In response to requests from readers of the persecution news service I edit, Morning Star News, I’ll share how I handle dealing with so much horrific news that can leave one either despondent or desensitized.

The horror of some of the stories, along with the sense of helplessness they leave in their wake, can be wearying. I’ve heard many a reader sigh that they just don’t want to read it anymore; it’s too depressing. Imagine what it’s like, then, for a journalist to write about and edit it for 14 years.GDRimage

The incessant flow of bad news has led me to the only thing that can parry the effect of the continual buffeting of the soul – giving it over to God. Sometimes when my 19-month-old daughter falls asleep in my arms, I pray for parents in Nigeria whose children have been slain in their beds by Muslim extremists. When my 4-year-old son cries after falling down, sometimes I’m reminded later to send up a prayer for children in Somalia who cry out for mothers and fathers lost to murderous Islamists.
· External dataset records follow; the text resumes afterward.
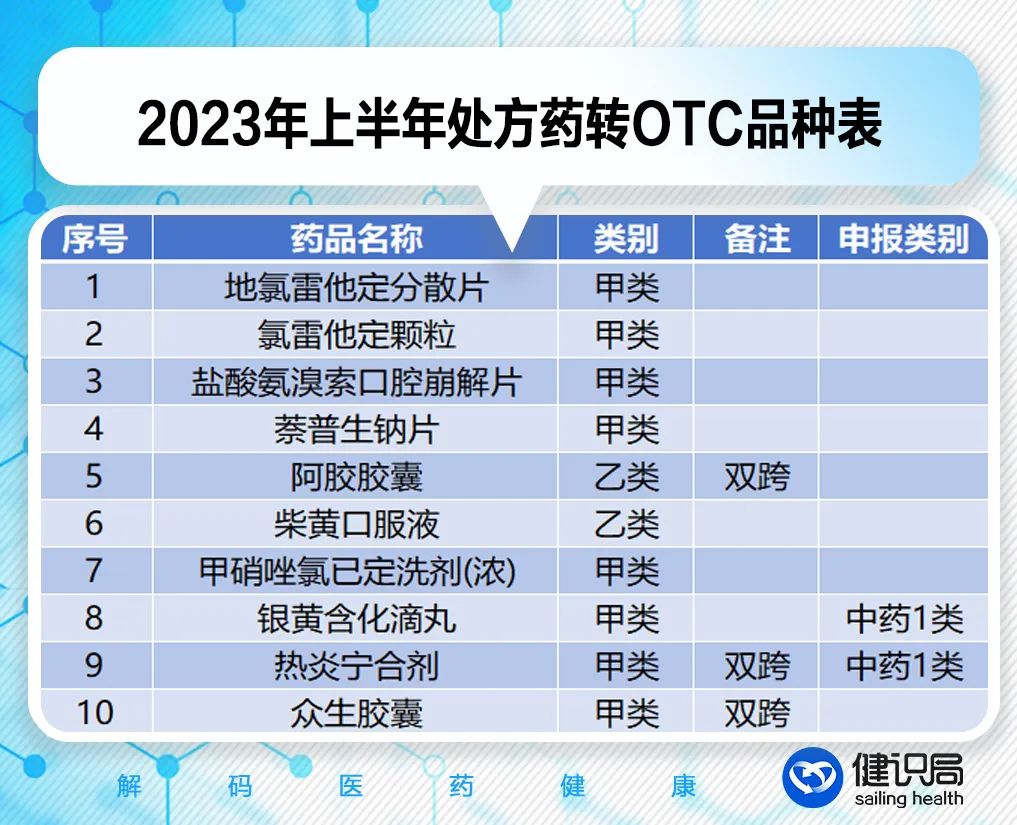 监管部门一直在配合药企转型的动作。有机构统计,仅2023年上半年就有10个处方药品种转为OTC,而2021年全年只有13个品种转OTC的。
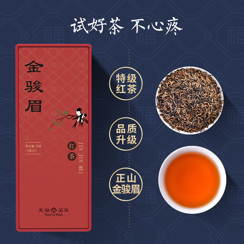 天福茗茶金骏眉红茶 精品品鉴装武夷山小种15g*7盒装
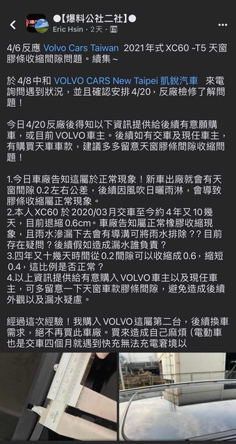 推 maltum: V40車主啦,建議大家也檢查四門車窗膠條 04/23 07:44
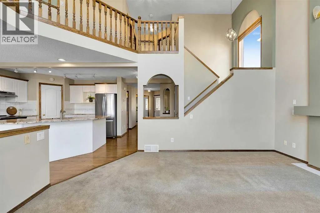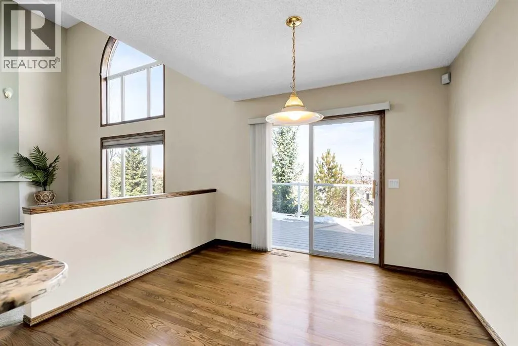 This well-maintained two-storey walkout home built by Shane Homes is located in the desirable community of Edgemont and offers excellent access to schools, shopping, and transportation. Featuring three bedrooms and two and a half bathrooms, the home includes hardwood flooring on the main level and a cozy gas fireplace. The main floor boasts a spacious kitchen with an island and eating bar, a bright breakfast nook with patio doors leading to a maintenance-free deck with a PVR surface and great views, and a generous living room with nearly 17-foot ceilings and a gas fireplace. There is also a dining room or flex space, a convenient main floor laundry, and a two-piece bathroom. Upstairs, youâll find the primary bedroom with a walk-in closet and four-piece ensuite, along with two additional bedrooms, a flex area, and another full four-piece bathroom. The undeveloped walkout basement includes roughed-in plumbing, offering future potential, while the exterior is well cared for and features a double attached garage. Quick possession is availableâbook your private viewing today. (id:27476)

A slight chill wind might lead me to pray for Christians in North Korean labor camps who suffer icy temperatures day and night without adequate food, clothing and medicines.

The annual International Day of Prayer for the Persecuted Church (IDOP) in November reminds us that persecution news is meant to elicit prayer. But how to pray?

Without a Kingdom perspective, it’s difficult to imagine how to pray for people who have suffered beyond imagination. Theology is not just for beard-scratchers; one cannot read about, write about or pray for persecuted Christians for long without having one’s theological ducks in a row.

Putting the Kingdom of God front and center is crucial. When Christians suffer for their faith, Paul notes in 2 Cor. 4:17, it prepares them for an eternal weight of glory; thus such suffering displays the faith that adds weight to the Kingdom of God, both now and later. Jesus told Peter that upon such faith He would build His church (Matt. 6:18) in this world. In the same breath he said that faithful acts today, among other things – what we “bind on earth” – will be bound in the next world (Matt. 6:20); one example being faith to the point of suffering on earth redounding in glory in the heavenly Kingdom.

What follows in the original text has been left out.